Имеется совсем простой случай конфигурации pacemaker
node test-1 \
attributes standby="off"
node test-2 \
attributes standby="off"
primitive IP1 ocf:heartbeat:IPaddr2 \
params ip="192.168.1.2" cidr_netmask="32" nic="eth1" \
op monitor interval="10"
primitive IP2 ocf:heartbeat:IPaddr2 \
params ip="192.168.1.3" cidr_netmask="32" nic="eth1" \
op monitor interval="10"
primitive p_haproxy lsb:haproxy \
op monitor interval="10" timeout="20" \
op start interval="0" timeout="20" \
op stop interval="0" timeout="20"
group grIP1 IP1 \
meta ordered="false"
group grIP2 IP2 \
meta ordered="false"
group gr_WebServer p_haproxy
clone cl_WebServer gr_WebServer \
meta interleaved="true"
colocation c_grIP1_Ws inf: grIP1 cl_WebServer
colocation c_grIP1_grIP2 -200: grIP1 grIP2
colocation c_grIP2_Ws inf: grIP2 cl_WebServer
property $id="cib-bootstrap-options" \
dc-version="1.1.7-6.el6" \
cluster-infrastructure="openais" \
expected-quorum-votes="2" \
stonith-enabled="false" \
no-quorum-policy="ignore"
Current DC: test-1 - partition with quorum
2 Nodes configured, 2 expected votes
4 Resources configured.
============
Online: [ test-1 test-2 ]
Resource Group: grIP1
IP1 (ocf::heartbeat:IPaddr2): Started test-2
Resource Group: grIP2
IP2 (ocf::heartbeat:IPaddr2): Started test-1
Clone Set: cl_WebServer [gr_WebServer]
Started: [ test-2 test-1 ]
Current DC: test-1 - partition with quorum
2 Nodes configured, 2 expected votes
4 Resources configured.
============
Online: [ test-1 test-2 ]
Resource Group: grIP1
IP1 (ocf::heartbeat:IPaddr2): Started test-2
Resource Group: grIP2
IP2 (ocf::heartbeat:IPaddr2): Started test-2
Clone Set: cl_WebServer [gr_WebServer]
Started: [ test-2 ]
Stopped: [ gr_WebServer:1 ]
Failed actions:
p_haproxy:1_start_0 (node=test-1, call=17, rc=1, status=complete): unknown error
warning: unpack_rsc_op: Processing failed op p_haproxy:1_last_failure_0 on test-1: unknown error (1)

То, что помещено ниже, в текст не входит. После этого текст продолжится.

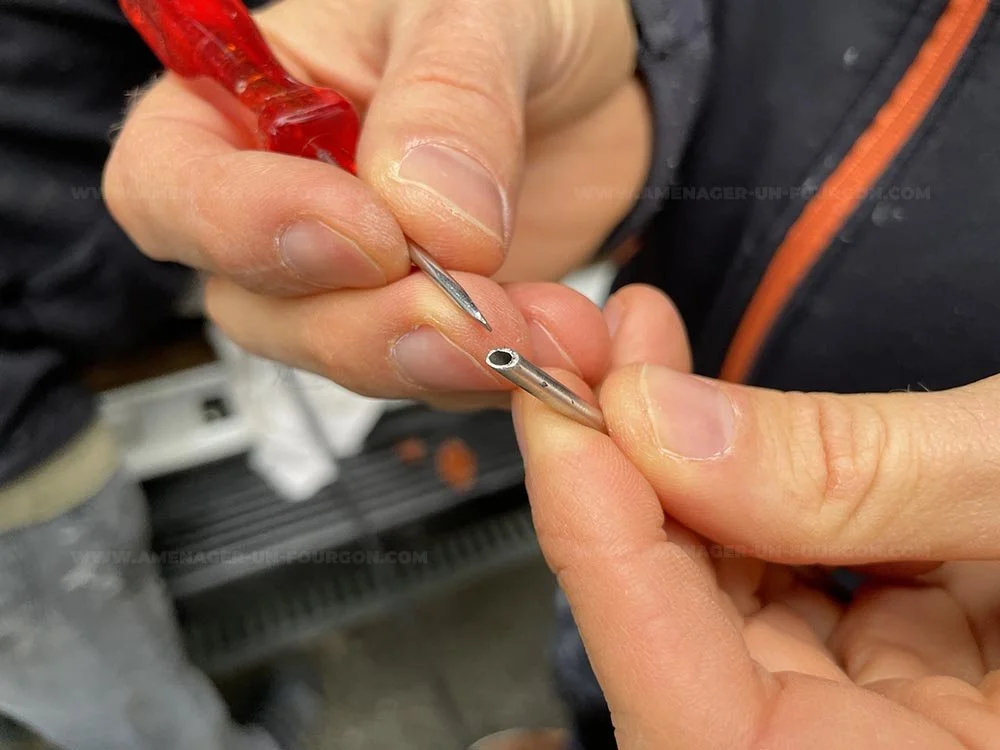 Il faut courber le tube en suivant le schéma, puis le couper à la bonne longueur, ici 295mm après l’avoir courbé. Nous vous recommandons de faire une découpe en biais afin d’optimiser l’aspiration du gasoil. Un petit tournevis vous aidera à rendre la finition de la découpe plus propre.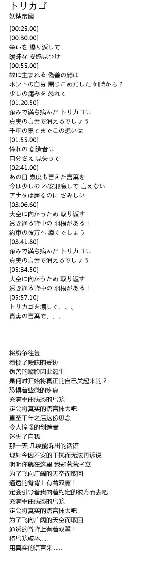 | [05:12.77] | 歪みで満ち病んだ トリカゴは |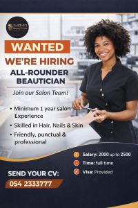 مطلوب خبيرة تجميل خبرة لا تقل عن سنة واحدة في صالونات التجميل ماهرة في الشعر والاظافر والبشرة ودودة، دقيقة في المواعيد، ومحترفة في أبو ظبي خلف المشرف مول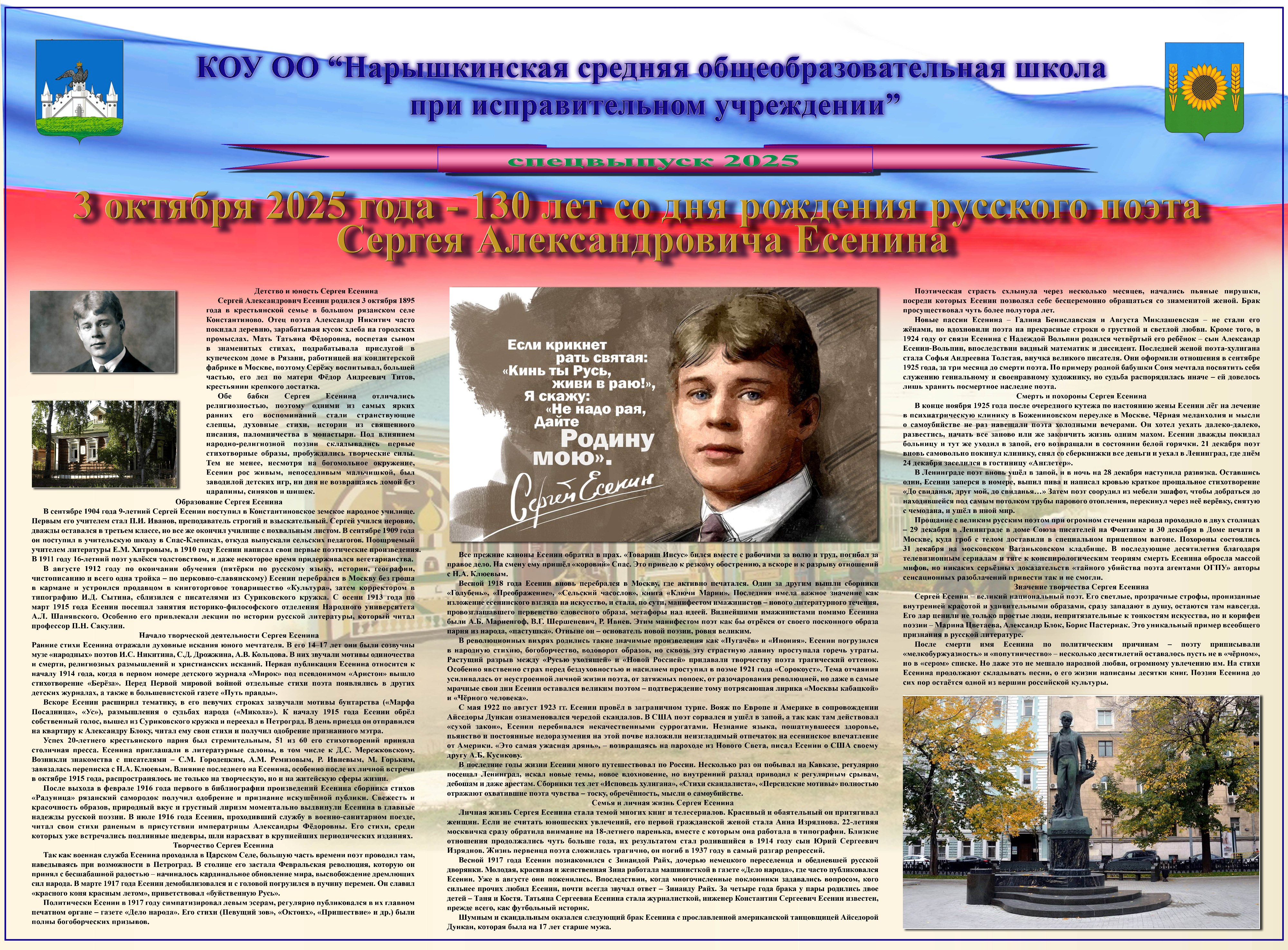 В образовательном учреждении 3 октября 2025 г. издан спецвыпуск стенной печати, посвящённый 130-й годовщине со дня рождения поэта.

warning: common_apply_stickiness: Forcing cl_WebServer away from test-1 after 1000000 failures (max=1000000)
warning: common_apply_stickiness: Forcing cl_WebServer away from test-1 after 1000000 failures (max=1000000)
Единственный способ вернуть ресурсы на вновь заработавшую ноду - перезапуск corosync (pacemaker запускается corosync-ом ver 0).
Просьба подсказать - как вернуть ресурс на ноду и почему это не удается сделать сейчас.
Версии ПО: corosync 1.4.1, pacemaker 1.1.7.